Pilot Study- Permissive Hypotension After Cardiac Surgery

Massachusetts General Hospital1 site in 1 country80 target enrollmentApril 20, 2024
ConditionsSurgery

Overview

Phase
Not Applicable
Intervention
Not specified
Conditions
Surgery
Sponsor
Massachusetts General Hospital
Enrollment
80
Locations
1
Primary Endpoint
MAP in mmHg
Status
Active, not recruiting
Last Updated
4 months ago

Overview

Brief Summary

The objective of this pilot randomized controlled trial is to demonstrate the feasibility of implementing a pragmatic clinical trial randomizing patients to permissive hypotension versus usual care and to determine the impact of permissive hypotension on vasopressor exposure, ICU length of stay, markers of end organ perfusion, and clinically relevant patient outcomes. The data collected from this pilot study will be used as preliminary data for study design and grant applications for a larger multicenter randomized controlled trial.

Detailed Description

The investigators will perform a single center, open-label, randomized controlled trial in patients admitted to the HCICU after cardiac surgery at MGH. Patients who are hypotensive (MAP \< 65mmHg) and/or require vasopressor support to maintain a MAP ≥ 65mmHg during the first 24 hours of ICU admission will be eligible for randomization.

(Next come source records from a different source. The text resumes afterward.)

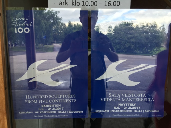 В частности, вот объявление об одной из таких выставок. В этом году столетие независимости Финляндии. И этому посвящённы различные мероприятия по всей стране. В Кемиярви проходит "Выставка сотни скульптур с пяти континентов". Правда, саму на выставку мы, к сожалению, не попали.
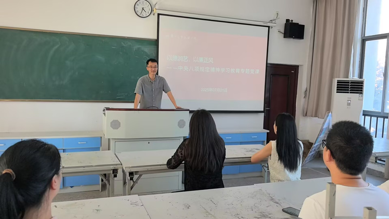 7 月 1 日,常州大学怀德学院艺术系在B214 教室开展 “以德润艺,以廉正风”—— 中央八项规定精神学习教育专题党课,系教工党支部书记商晓东主讲,全体教师党员参加。
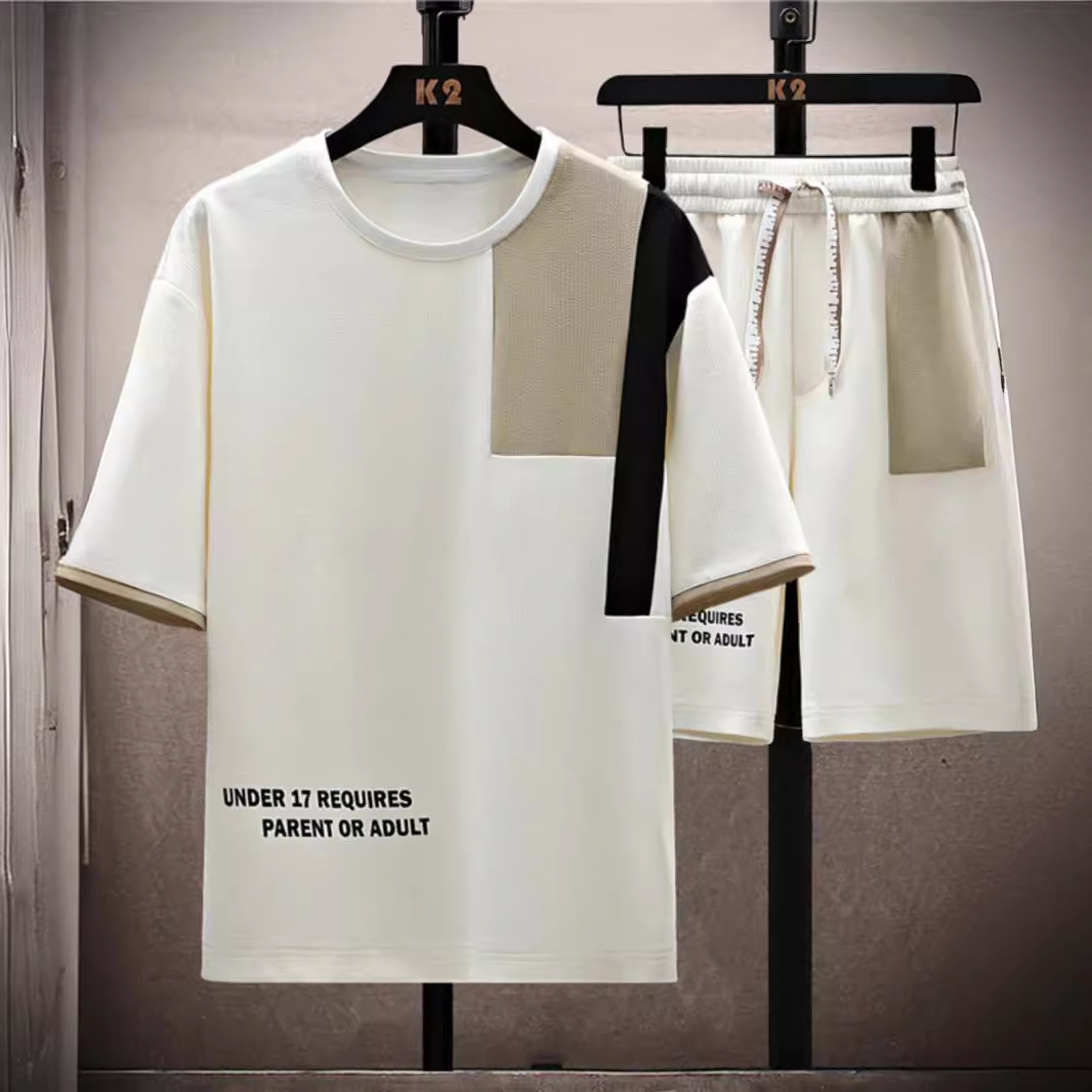夏のカジュアルスーツ男2024新型アイスtシャツ男半袖半ズボンセットと潮牌痞帅服
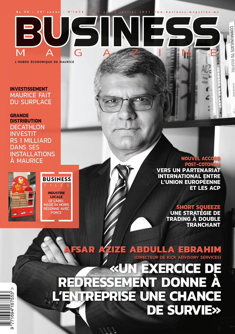 Les campagnes de vaccination dans le monde entier jouent un rôle énorme dans le rétablissement de la confiance dans l’économie mondiale, observe le directeur et partenaire fondateur de KICK Advisory Services. Pour Afsar Ebrahim, au vu de sa petitesse qui limite sa croissance, l’économie mauricienne a cruellement besoin de capitaux et d’investissements étrangers. De même, il nous faut élargir notre marché en nous recentrant sur l’Afrique. Il insiste, par ailleurs, sur la nécessité de renforcer le partenariat entre le secteur public et le privé. Retrouvez l’entretien en couverture de Business Magazine ce mercredi 17 février 2021, un numéro à retrouver aux points de vente habituels et sur https://kiosk.lasentinelle.mu/presse/business-mag/
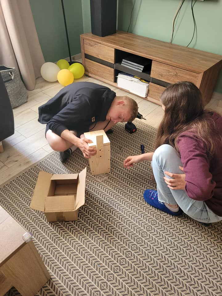 Podzieleni na dwu osobowe zespoły wychowankowie rywalizowali w konkursie na najszybsze złożenie budki lęgowej. Tu bezkonkurencyjne były Julia i Gosia.
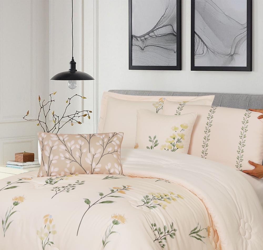 مفرش صيفي مفرد ونص 8 قطع - مارجو -كريمي غامق
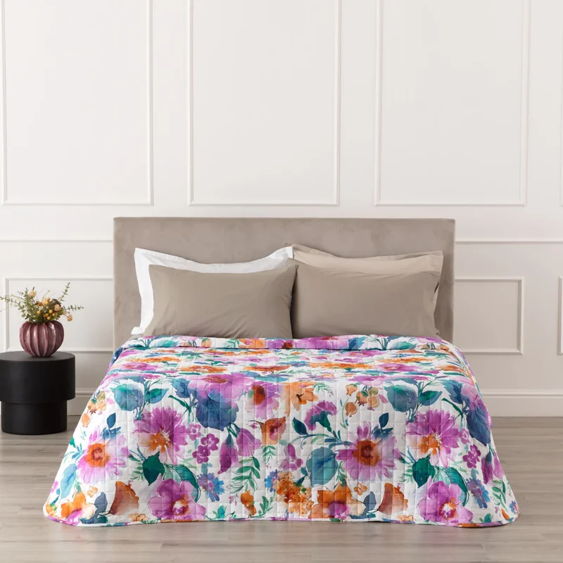 Il quilt matrimoniale Melika unisce estetica contemporanea e comfort quotidiano grazie al fronte in percalle 100% cotone con stampa digitale, che valorizza il disegno floreale con colori profondi e dettagli definiti. Il retro in percalle tinta unita crea un elegante contrasto e rende il quilt versatile. La mano del tessuto è fresca e liscia, tipica del percalle di qualità, apprezzato nell’interior design per il suo equilibrio tra raffinatezza e praticità.

Patients will be randomized in 1:1 fashion to either a) Permissive Hypotension (MAP target \>60mmHg) or b) Usual Care. The duration of the intervention will extend until the patient no longer needs vasopressors to maintain prespecified MAP. Outcomes of interest include continuous hemodynamics (both recorded values from EHR as well as the arterial line waveform data), vasopressor exposure (as measured by maximum Vasopressor-Inotrope Score, mean Vasopressor-Inotrope Score, and duration of vasopressor use), lactate clearance, rates of atrial fibrillation, need for renal replacement therapy, ICU length of stay, survival to hospital discharge, cognitive state at discharge using Montreal Cognitive Assessment score. Additionally, the investigators will perform exploratory analyses using the continuous arterial line waveform data to evaluate for potential differences in arterial waveform morphologies between groups to help discern the hemodynamic impacts of permissive hypotension and to potentially identify subphenotypes who may derive greater benefit.

Registry
clinicaltrials.gov
Start Date
April 20, 2024
End Date
October 1, 2026
Last Updated
4 months ago
Study Type
Interventional
Study Design
Parallel
Sex
All

Investigators

Responsible Party
Principal Investigator
Principal Investigator

Asishana A Osho

Assistant Professor of Surgery

Massachusetts General Hospital

Eligibility Criteria

Inclusion Criteria

  • 18 years or older
  • Schedules for elective or non-emergent cardiac surgery

Exclusion Criteria

  • Arrival to the CICU with severe shock determined any of the following: Norepinephrine dose \>20mcg/min, Epinephrine \>3mcg/min, Dobutamine \>2.5mcg/kg/min, Milrinone \>0.2mcg/kg/min
  • Rapidly increasing pressors within 60 mins of arrival.
  • Significant prior renal dysfunction (CKD \>4), hemodialysis dependence
  • Cirrhosis
  • A neuropathology diagnosis warranting blood pressure goal
  • Pre-specified MAP goal as determined by clinical team
  • Carotid stenosis (\> 50%) or prior stroke
  • Bleeding requiring return to the OR
  • Need for mechanical circulatory support
  • Heart and Lung transplantation

Outcomes

Primary Outcomes

MAP in mmHg

Time Frame: Through study completion, an average of 2 to 3 days

(Mean arterial pressure) measured in millimetres of mercury

Vasoactive-Inotropic Score for duration of pressor need

Time Frame: Through study completion, an average of 2 to 3 days

Weighted sum of all administered vasopressor and inotropic medications and quantifies the amount of pharmacological support in patients

Secondary Outcomes

  • Duration of end organ support(Through study completion, an average of 2 to 3 days)
  • Cognitive function assessed using Montreal Cognitive Assessment (MOCA)(Through study completion, an average of a week)
  • Mortality(Through study completion, an average of a week)
  • Tissue perfusion pressure via continuous arterial waveform monitoring(Through study completion, an average of 2 to 3 days)
  • ICU and hospital length of stay(Through study completion, an average of a week)
  • Duration of inotrope and vasopressor exposure(Through study completion, an average of 2 to 3 days)

Study Sites (1)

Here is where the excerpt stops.